Predicting Student Dropout - Academic Retention Analytics
Early identification of students at risk of dropping out before new semester
📊 Key Performance Metrics
84%
Dropout Prediction Accuracy
17%
Students At Risk
€4,200
Average Revenue Loss per Dropout
💡 Strategic Insights
1
Early Warning System
84% accuracy in predicting student dropout risk before semester begins
2
Risk Population
17% of student population identified as high-risk for academic dropout
3
Financial Impact
€4,200 average revenue loss per dropout justifies intervention investments
📈 Data Visualization Summary
🎓 Accuracy: 84% | At-risk: 17% | Loss: €4,200 per student
🎯 Strategic Action Plan
🚀 Primary Focus: Leverage the key insights from this comprehensive analysis to drive strategic decision-making and optimize business performance across all identified areas.

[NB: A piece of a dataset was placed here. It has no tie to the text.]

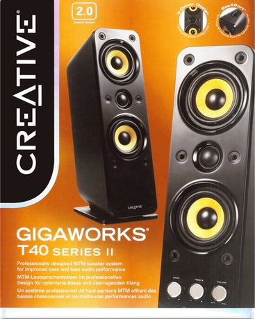 Creative Labs GigaWorks T40 Series II. Uso recomendado: PC, Canales de salida de audio: 2.0 canales. Potencia estimada RMS: 32 W, Rango de frecuencia: 50 - 20000 Hz. Color del producto: Negro
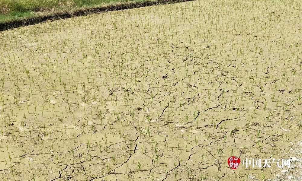 防城区那梭镇那夏村已抛秧田块,受高温影响已开裂(摄影:廖汝昌)

📈 Implementation Priority: Focus resources on the highest-impact metrics and findings identified in this dashboard to maximize return on investment and accelerate growth.
📊 Performance Monitoring: Establish robust KPI tracking systems based on these analytical findings to ensure continuous improvement and maintain competitive advantage.
🔄 Continuous Optimization: Regularly review and update strategies based on ongoing data collection to maintain relevance and effectiveness of implemented solutions.